__Exercise description__
Find the line below with "Main mechanisms leading". Print it and every line after it exactly, through the last line, leaving out the pictures.

__Data segment__
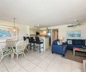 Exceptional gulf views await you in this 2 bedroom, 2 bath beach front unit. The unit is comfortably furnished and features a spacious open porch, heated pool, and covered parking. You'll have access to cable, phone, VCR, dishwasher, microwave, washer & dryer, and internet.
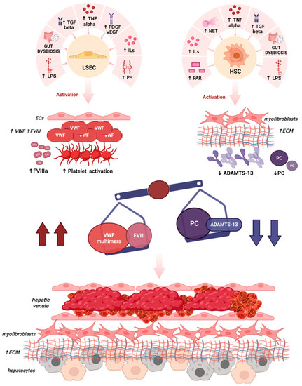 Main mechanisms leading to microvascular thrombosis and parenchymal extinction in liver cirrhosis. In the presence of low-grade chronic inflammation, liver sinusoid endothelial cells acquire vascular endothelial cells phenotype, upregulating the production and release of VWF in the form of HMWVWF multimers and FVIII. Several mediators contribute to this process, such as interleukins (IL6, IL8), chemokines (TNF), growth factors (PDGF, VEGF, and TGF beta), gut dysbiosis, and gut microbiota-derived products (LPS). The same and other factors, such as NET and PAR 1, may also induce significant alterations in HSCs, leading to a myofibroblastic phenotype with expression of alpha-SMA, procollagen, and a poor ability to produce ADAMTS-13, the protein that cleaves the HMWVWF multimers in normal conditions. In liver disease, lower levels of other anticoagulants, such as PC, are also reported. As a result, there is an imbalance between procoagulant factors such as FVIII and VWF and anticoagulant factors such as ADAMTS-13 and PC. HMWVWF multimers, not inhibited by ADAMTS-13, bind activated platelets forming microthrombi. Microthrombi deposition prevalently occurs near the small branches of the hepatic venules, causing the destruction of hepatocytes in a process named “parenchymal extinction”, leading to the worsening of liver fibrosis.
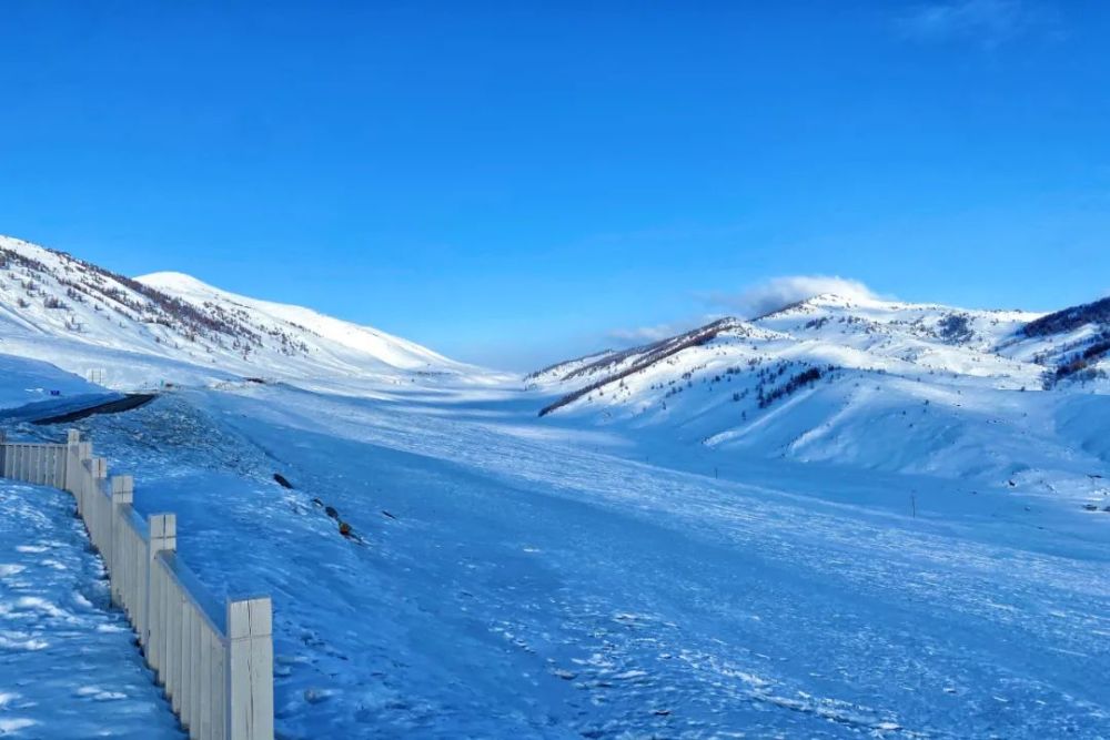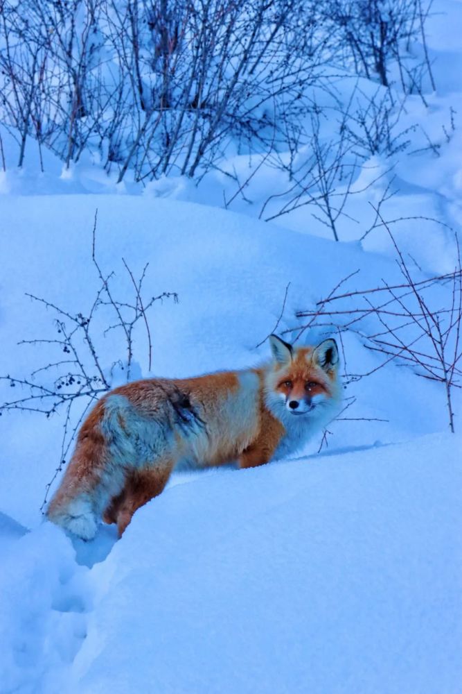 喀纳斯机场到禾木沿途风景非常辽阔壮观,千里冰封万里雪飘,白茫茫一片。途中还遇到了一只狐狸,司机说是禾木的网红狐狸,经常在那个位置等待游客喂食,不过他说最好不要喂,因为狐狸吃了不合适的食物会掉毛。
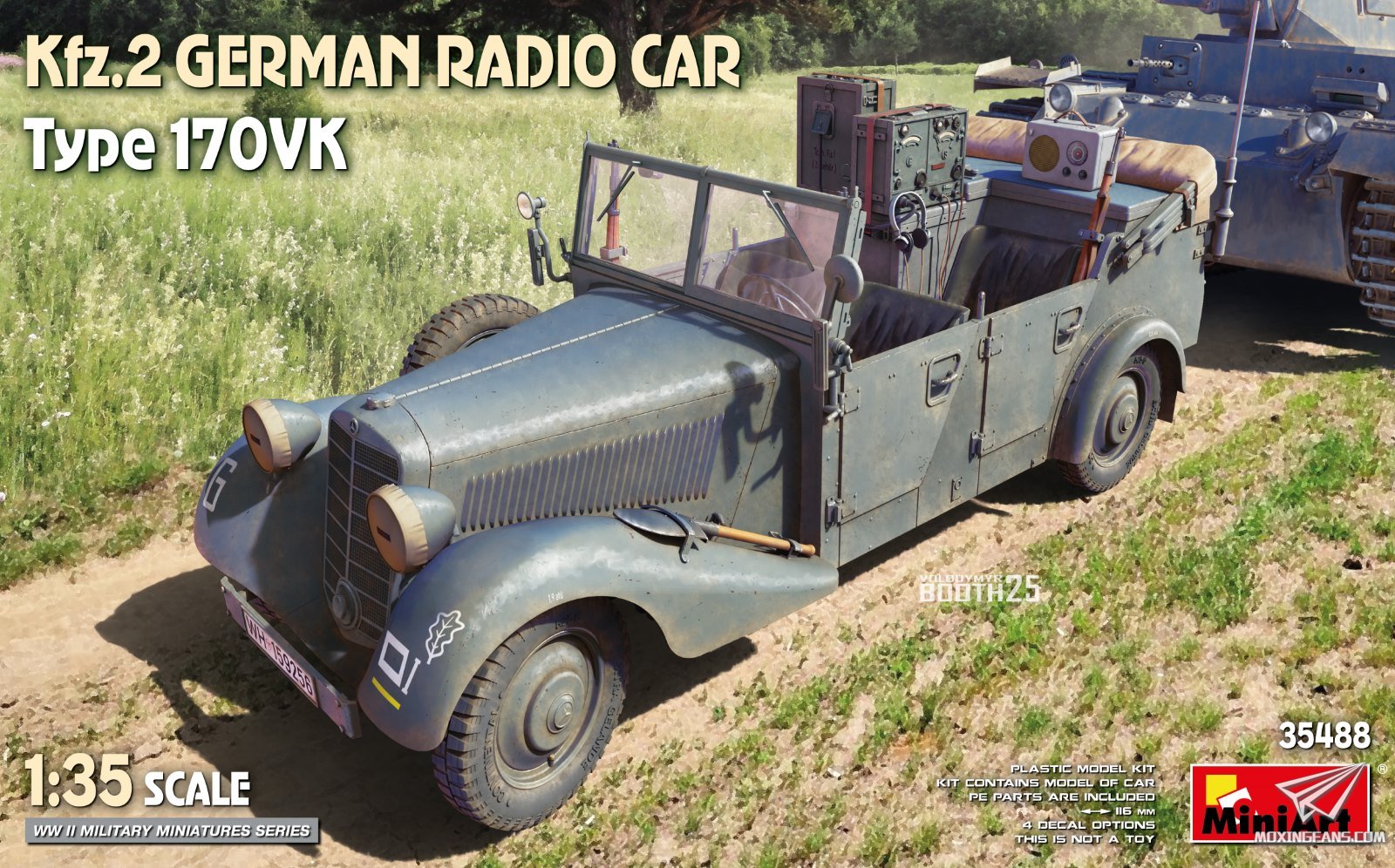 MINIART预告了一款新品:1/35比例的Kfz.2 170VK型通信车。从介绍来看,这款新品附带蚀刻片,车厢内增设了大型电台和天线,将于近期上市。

__Written response__
 Main mechanisms leading to microvascular thrombosis and parenchymal extinction in liver cirrhosis. In the presence of low-grade chronic inflammation, liver sinusoid endothelial cells acquire vascular endothelial cells phenotype, upregulating the production and release of VWF in the form of HMWVWF multimers and FVIII. Several mediators contribute to this process, such as interleukins (IL6, IL8), chemokines (TNF), growth factors (PDGF, VEGF, and TGF beta), gut dysbiosis, and gut microbiota-derived products (LPS). The same and other factors, such as NET and PAR 1, may also induce significant alterations in HSCs, leading to a myofibroblastic phenotype with expression of alpha-SMA, procollagen, and a poor ability to produce ADAMTS-13, the protein that cleaves the HMWVWF multimers in normal conditions. In liver disease, lower levels of other anticoagulants, such as PC, are also reported. As a result, there is an imbalance between procoagulant factors such as FVIII and VWF and anticoagulant factors such as ADAMTS-13 and PC. HMWVWF multimers, not inhibited by ADAMTS-13, bind activated platelets forming microthrombi. Microthrombi deposition prevalently occurs near the small branches of the hepatic venules, causing the destruction of hepatocytes in a process named “parenchymal extinction”, leading to the worsening of liver fibrosis.
 喀纳斯机场到禾木沿途风景非常辽阔壮观,千里冰封万里雪飘,白茫茫一片。途中还遇到了一只狐狸,司机说是禾木的网红狐狸,经常在那个位置等待游客喂食,不过他说最好不要喂,因为狐狸吃了不合适的食物会掉毛。
 MINIART预告了一款新品:1/35比例的Kfz.2 170VK型通信车。从介绍来看,这款新品附带蚀刻片,车厢内增设了大型电台和天线,将于近期上市。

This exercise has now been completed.